On the structure, synthesis, and characterization of ultrafast blue-emitting CsPbBr3 nanoplatelets
Kateřina Tomanová,
Václav Čuba,
Mikhail G. Brik,
Eva Mihóková,
Rosana Martinez Turtos,
Paul Lecoq,
Etiennette Auffray,
Martin Nikl
Affiliations
Kateřina Tomanová
Department of Nuclear Chemistry, Faculty of Nuclear Sciences and Physical Engineering, Czech Technical University in Prague, Břehová 7, Prague 115 19, Czech Republic
Václav Čuba
Department of Nuclear Chemistry, Faculty of Nuclear Sciences and Physical Engineering, Czech Technical University in Prague, Břehová 7, Prague 115 19, Czech Republic
Mikhail G. Brik
College of Sciences, Chongqing University of Posts and Telecommunications, Chongqing 400065, People’s Republic of China
Eva Mihóková
Department of Optical Materials, Institute of Physics of the Czech Academy of Sciences, Cukrovarnická 10, Prague 162 53, Czech Republic
Rosana Martinez Turtos
CERN, 1211 Geneva 23, Switzerland
Paul Lecoq
CERN, 1211 Geneva 23, Switzerland
Etiennette Auffray
CERN, 1211 Geneva 23, Switzerland
Martin Nikl
Department of Optical Materials, Institute of Physics of the Czech Academy of Sciences, Cukrovarnická 10, Prague 162 53, Czech Republic
Recent developments in medical imaging techniques, in particular, those in time-of-flight positron emission tomography put new challenges on scintillating material performance that cannot be fulfilled by conventional scintillators. Bright and ultrafast nanoparticles represent promising candidates to build up an advanced detection system needed. We synthesize colloidal CsPbBr3 nanoplatelets emitting blue light with fast sub-nanosecond decay. We also prepare a nanocomposite material by embedding the nanoplatelets in the polystyrene matrix. We show that blue emission is preserved provided the composite is not exposed to UV/vis light and/or elevated temperatures.

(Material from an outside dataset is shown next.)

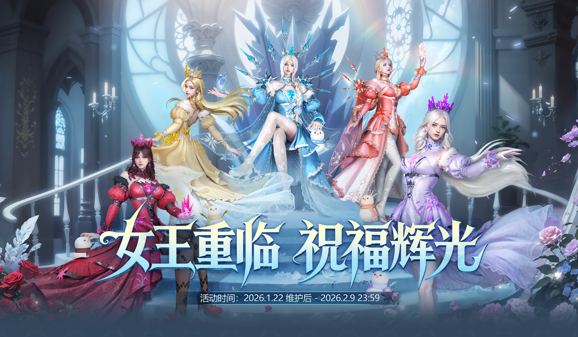 1月22日至2月9日,女王备战盲盒限时返场,可在商城消耗觉醒积分抽取。消耗觉醒积分抽取的同时,还可获得等额的祝福辉光(若首次上线时已抽取,可直接领取相应的祝福辉光)。

Motivated by conflicting information from the literature about the room temperature structure of colloidal CsPbX3 (X = Cl, Br, I) particles, that results being orthorhombic, rather than cubic, we perform ab initio electronic structure calculations of bulk crystals with an orthorhombic structure. We calculate optical properties, as well as exciton diameters and binding energies and compare them to those previously obtained for cubic CsPbX3 crystals.